In conclusion, the systems biological approach was used on HIA and caco-2 data set to determine the major contributing descriptors for oral bioavailability prediction. Overall, 47 descriptors were identified as common between HIA and caco-2 permeability, and it is validated to be crucial in predicting oral bioavailability. Further, the predictions on small data sets demonstrate that this model holds good in estimating the oral bioavailability irrespective of data set size. Moreover, the logistic algorithm and the 47 selected attributes seem to capture the fundamental features of oral bioavailability and can predict oral bioavailability with an accuracy >71% for molecules with diverse structure. However, the accuracy of the model is limited, which suggest that the molecules have to meet a set of physicochemical requirements in addition to the analyzed descriptors. Hence, generating more valuable descriptors from other resources such as CDK, PEDAL, Power-MV may significantly improve the prediction limits. Overall, this study shows that the choices of both machine learning algorithm and optimal descriptor sets are critical for the prediction tasks. Conceivably, a similar approach can be used for the prediction of most contributing descriptors involved in drug toxicity.

Materials and Methods

Computational Framework

The systems biological framework (Figure 1) shows an overview of our method, which involves (i) compilation and curation of data sets, (ii) generating descriptors, (iii) multivariate analysis, (iv) selection of best-performing machine learning algorithm, (v) efficiency of the model in smaller data sets, and (vi) statistical analyses.

Compilation and Curation of Dataset

The molecules associated with HIA, caco-2 permeability and oral bioavailability were derived from several literatures [8], [14], [20]–[28]. These structurally heterogeneous molecules were reported by different laboratories, which employed different experimental conditions and procedures to obtain biological property. Further, it was curated based on two-fold. First, if the molecules were reported in multiple articles, the average activity value was calculated. Second, the molecules were excluded, if there is a large discrepancy in activity value between the articles. Overall, 705, 605 and 969 molecules of intestinal absorption, caco-2 permeability and oral bioavailability (Table S1) were obtained, respectively.

Generation Descriptors and Classification

The molecular descriptors representing the physicochemical properties of the molecules were derived using the E-dragon 1.0 version software [35]. The most frequently used descriptors [29]–[32] were analyzed, which include constitutional, connectivity indices, topological, and walk and path counts. To develop a reliable model, the descriptor space should be reduced by extracting most significant descriptors. Before the descriptors were reduced, the molecules in each data set were manually classified as positive and negative instance. For example, in oral bioavailability data set, the molecules with bioavailability (%F) values ≥80% were considered as “+bioavailability”, while the molecules with <80% were considered as “–bioavailability” [20]. Similar trends were followed for the molecules in HIA and caco-2 data set. The molecules with HIA (%FA) values ≥70% were considered as “+HIA” and the molecules with caco-2 permeability (logP_app) values ≤–4 were considered as “+caco-2″, while remaining molecules were considered as “–HIA” and “–caco-2″, respectively [22]. Further, the balanced data sets were created from HIA and caco-2 data set by random selection to have an equal number of molecules with positive and negative instance for multivariate analysis.
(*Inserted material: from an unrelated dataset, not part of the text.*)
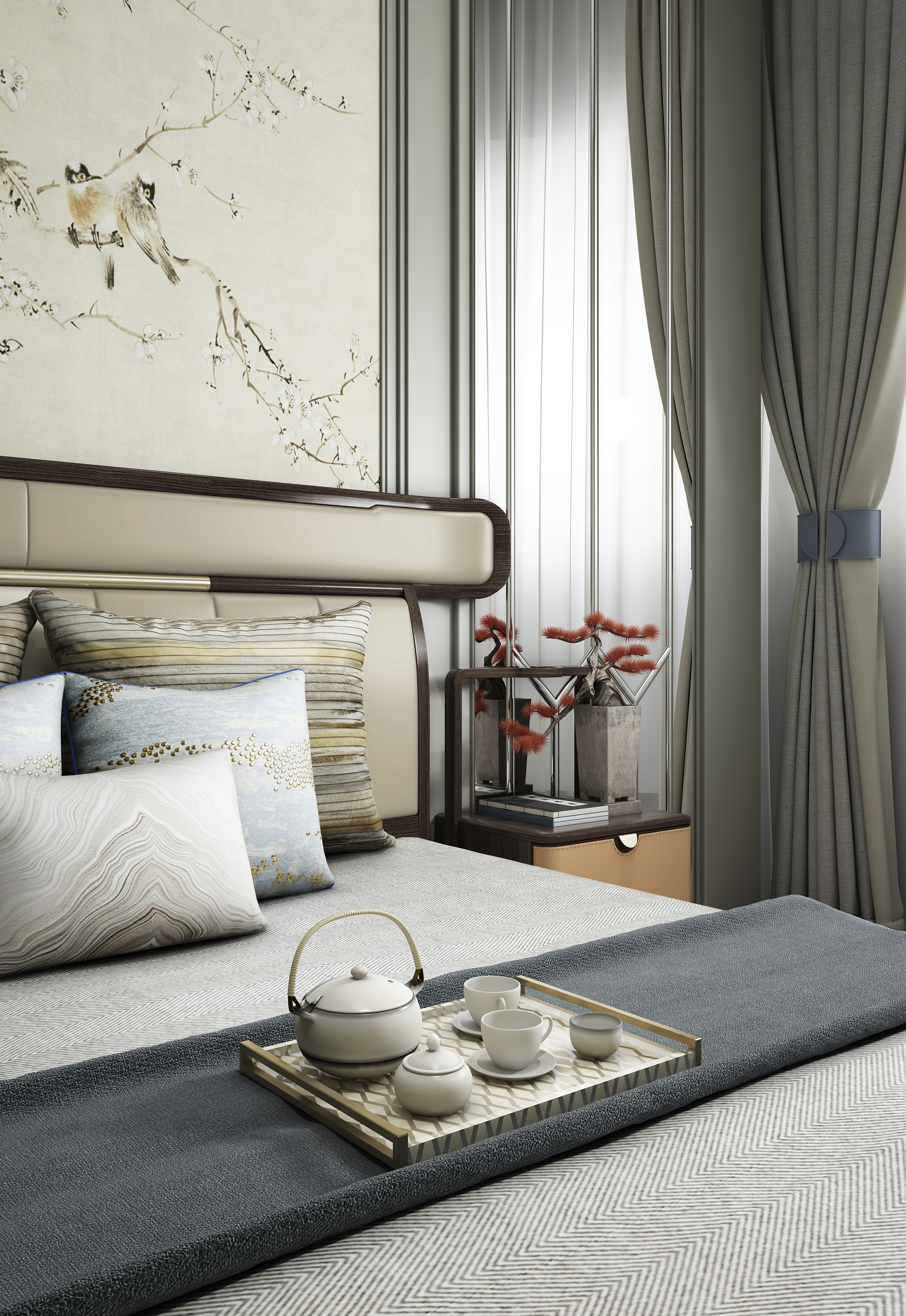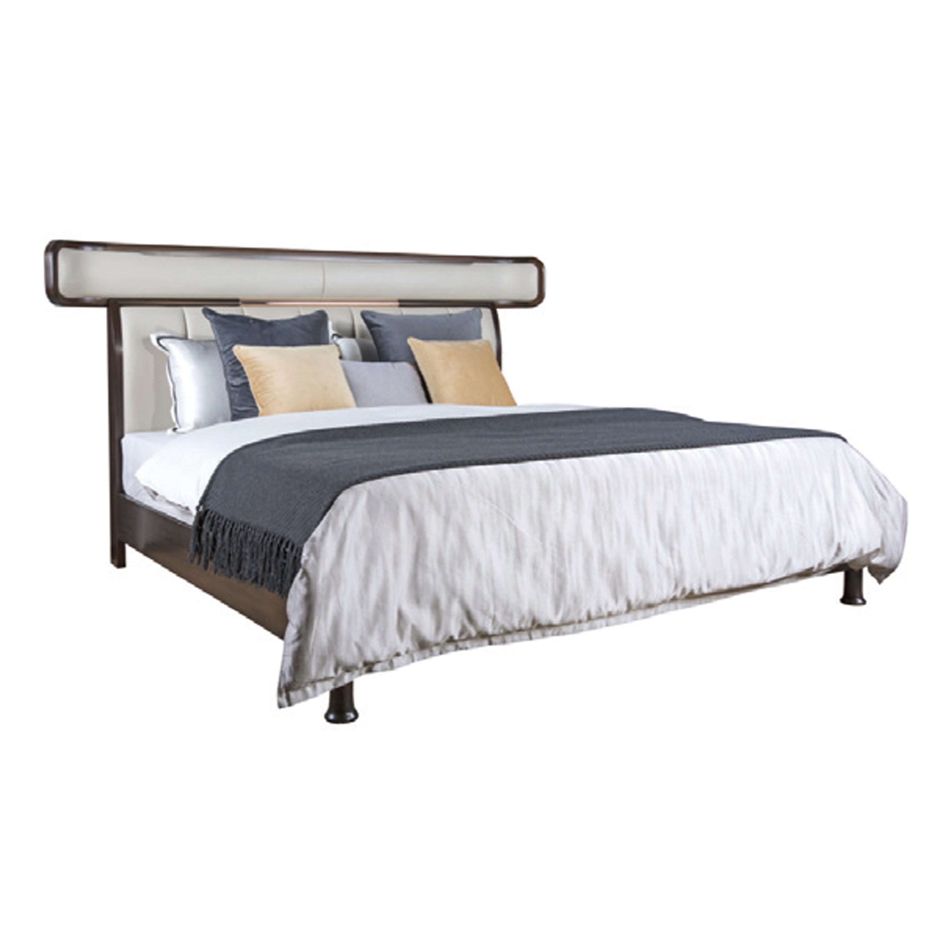 1.床高片造型源于中式官帽,出人头地,生活一帆风顺的美好寓意。同时呈环抱状,寓意夫妻关爱包容,幸福和睦。 2.床高片皮质软包设计,并饰以铜条装饰,舒适耐用,细节精致。 3.铜脚设计,赋予中式韵味的同时以防磨损。

Multivariate Statistical Analysis

Partial least squares discriminant analysis (PLS-DA) was performed using SIMCA-P 12 (Umetrics AB, Umeå, Sweden) on the balanced data sets to extract the underlying descriptors, that discriminate between distinct classes (“+HIA versus –HIA” and “+caco-2 versus –caco-2″). The importance of each descriptor in the PLS-DA was evaluated by variable importance in the projection (VIP) scores. The VIP score positively reflects the descriptor's influence on the classification, and descriptors with a score greater than one were considered important in this study.

Machine Learning

The classification learning algorithms used in this study were taken from the Weka software (Waikato Environment for Knowledge Analysis). The evaluation parameters were calculated with a ten times, ten-fold cross-evaluation. The method uses four-fifths of the data for training the model while the remaining fifth was used as a test set for estimating the performance based on the average value of accuracy and precision of ten-times validation.TP = True positive; TN = True negative; FP = False positive; FN = False negative.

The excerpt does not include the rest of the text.